What is an informed consent and how do doctors and researchers communicate with the patients and subjects?
This was one of questions from the participants at the fourth International Conference on Medical and Health Sciences’ preconference session on ethical dilemma in health research in low-income countries.
Head of obstetrics and gynecology department, Dr Phurb Dorji, said that giving or taking informed consent remained a challenge.
Dr Phurb Dorji said that the English version of the patient consent had to be translated into Dzongkha for research for clarity. “As there are lay persons in our review committee, we ask them to read the document. Because they do not have knowledge about the scientific issues, they are asked whether they would be comfortable as participants.”
He said that the informed consent is written in simple language so that the laymen can get an idea of the experiment and potential risks. “Then, we discuss the potential risks beyond the benefits of the study and see if similar studies have not been done and whether the study would contribute to new information.”
He said that there were people who neither understood Dzongkha nor English, which was a challenge. “We don’t have specific guidelines on it, but in the approval we recommend the use of interpreter for better communication. The ideal way may be audio-visual documentation.”
He said that researchers had to question if he or she could conduct the research on his or her spouse, which would answer if the research needs to be done or discarded.

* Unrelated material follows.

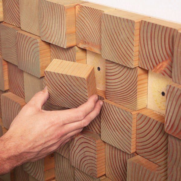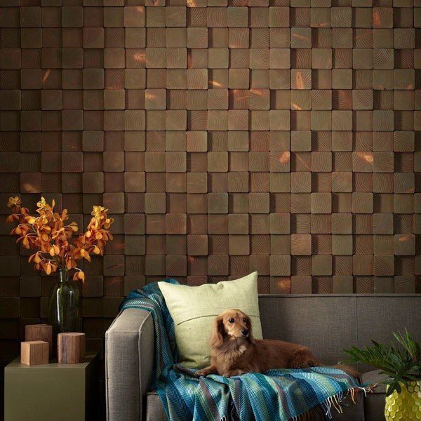 Только подумать о необходимости шлифовки каждой штучки, пропитке огнеупорным и противогрибковым составом, обеспечении вентиляции между стеной и этой сборной деревянной панелью, о классных укрытиях разных букашек в стыках между плашками и т.д, и т.п. Выглядит интересно, но для обычной квартиры и семьи без армии домработниц НЕ ПОДХОДИТ. Это дизайн ради дизайна без связи с реальной жизнью. Как вариант, такое можно применить для самодельного изголовья кровати, но никак не для стен.

Dr Phurb Dorji said: “It is norms for conduct that differentiates acceptable from the unacceptable in the context of informed environment.”
He said that a person couldn’t be prosecuted by law based on ethics as it is guided by one’s moral sense.
After the research is done and published, it is shared through Bhutan Health Journal. This, he said, was the last ethical concern. “Although Bhutan is at an infant stage, the ground is set firmly.”
Some of the challenges in developing countries include setting research priorities, inadequate capacity of ethical review committee, standard of care, researcher capacities and post research issues, among others.
Dr Phurb Dorji said that it was only in 2010 that the Research Ethics Board of Health (REBH) was established formally to protect the human subjects in bio-medical research. “The board is recognised in Asia pacific region, Europe and in the United States of America because the board is FERCAP certified.”
Potential researchers were trained on research methodology and peer reviewing in the country, he said.
To reduce ethical dilemma in developing countries, the priorities had to be considered by host and the sponsoring countries, he said. “If our students studying abroad need to conduct study on Bhutanese patients, they need consent from the university in addition to consent in Bhutan.”